Yes. I too thought and what are they not learning that they need to have experienced in the future.
“(M)ost people live in the past, hanging onto stale narratives and outdated models”
Underrated, widely applicable point!
Hiring trends bounce around a great deal at the occupational and sectoral levels, sometimes in tandem with the aggregate economy, but sometimes not. While I haven't read the underlying paper, what's presented in this article doesn't seem like a slam-dunk confirmation of AI effects. Basically, as with some of the other commenters, I'd be hesitant to declare the Hand of God at work in what could plausibly be secular changes in hiring rates. But maybe the article undersells the full breadth of evidence presented in the paper?

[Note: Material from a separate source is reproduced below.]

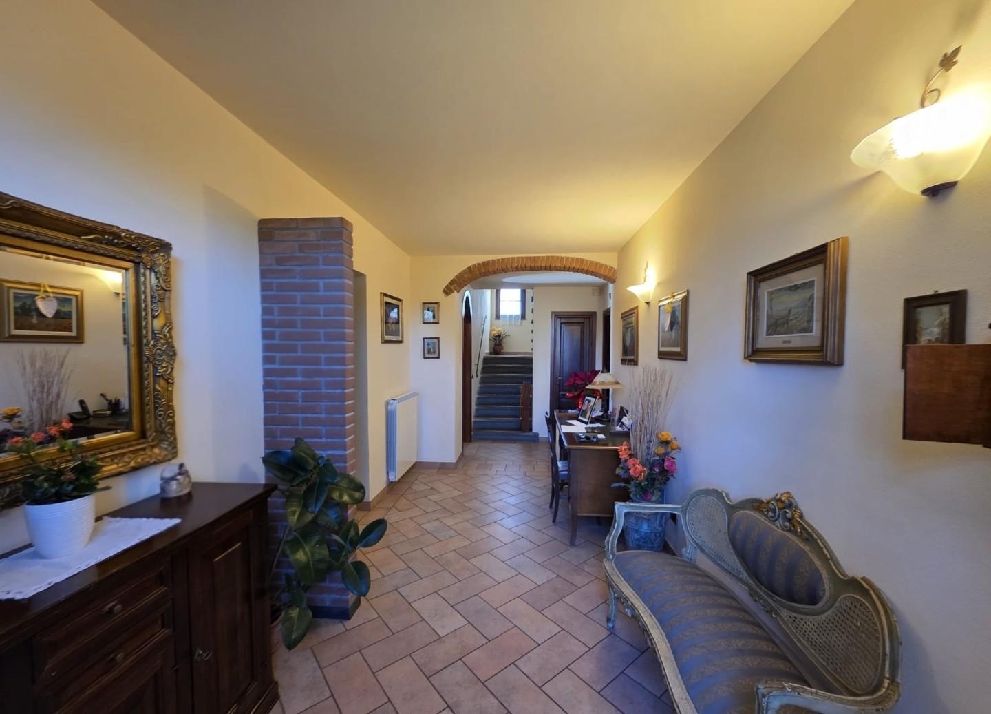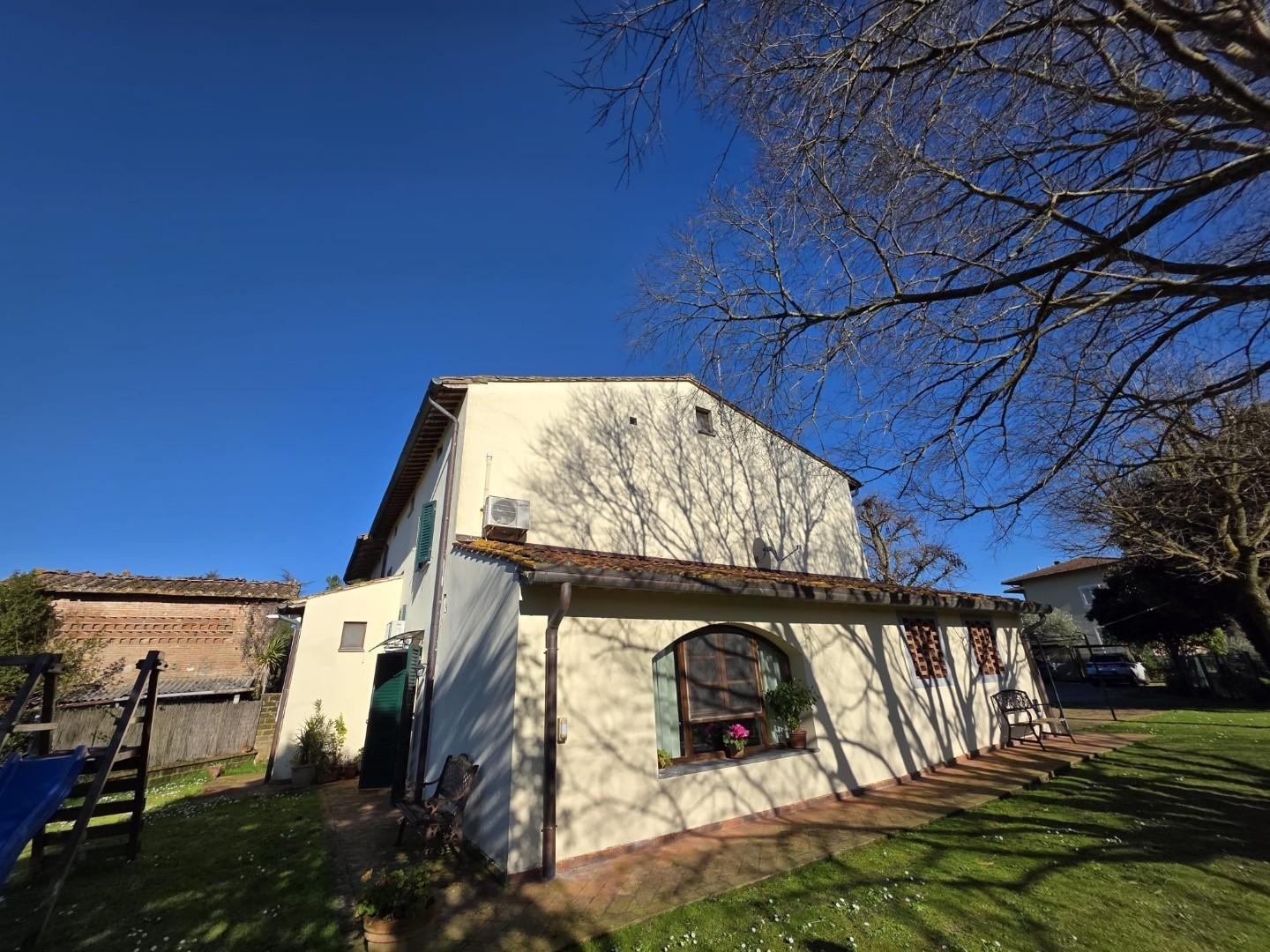 Rif: santa maria a montein posizione collinare nel cuore di santa maria a monte, si trova questo affascinante terra-tetto libero su tre lati. Costruito alla fine del 1800 e ristrutturato completamente nel 2003, questo immobile offre sei ampi locali per una superficie totale di 198 mq. un caratteristico marciapiedi in mezzane rifinisce esternamente tutta la struttura. al piano terra, dove ogni spazio è stato curato con gusto per garantire un'abitazione confortevole e ricca di dettagli caratteristici, troviamo l'ingresso, la sala da pranzo con cucina a vista, un ampio salone in cui sono stai creati due spazi distinti, con bella vetrata che si affaccia sul giardino, un comodo ripostiglio lavanderia e un garage adiacente di 16 mq.dall'ingresso si accede alla scala che conduce al piccolo bagno con doccia situato al mezzanino e al reparto notte, dove troviamo tre camere matrimoniali e un bagno con doccia molto spaziosa.l'immobile è dotato di vari accessori quali: zanzariere, allarme perimetrale e alle finestre, doppio termostato per la regolazione dell'impianto a metano, due climatizzatori (uno al piano terra e uno al primo piano), tettoia per 3 posti auto.tramite il cancello automatico si accede alla proprietà, che dispone di un bellissimo giardino di circa 700 mq e un terreno di circa 6.000 mq, adattabile a coltivazione e già dotato di un' oliveta con 55 piante.attualmente abitato dalla proprietaria, ma libero velocemente. splendido oggetto che si presta perfettamente per chi ama la vita di campagna, da vedere!!classe energetica: g - rif. 2522

It’s no surprise to me that AI can take entry-level jobs but I think that’s also because the issue is further up in the pipeline. The education system has been a fossil and AI just exposed how machine-like the outputs students are being trained on are.
Would be important to look at how much energy these data centers are going to require. It is projected by 2030 the energy needs will equal the entire nation of Japan. The water demands for cooling are going to be excessive. This seems to be completely ignored.
This issue may be linked to another topic periodically debated just as fiercely -- college or not. It seems possible to me that AI is replacing new college grads in "vulnerable" positions but not those in health care, customer service, etc., because the latter category is made up of jobs that are often filled by non-college grads, but traditionally have had quality issues because of a combination of high turnover and ill-prepared high school grads. Is it possible that companies are pairing non-grads with AI and thereby elevating the quality of performance in these positions without a corresponding increase in payroll costs? If this strategy is widely used and successful, it may account for some of the increases in jobs where AI "complements" employees rather than replacing them.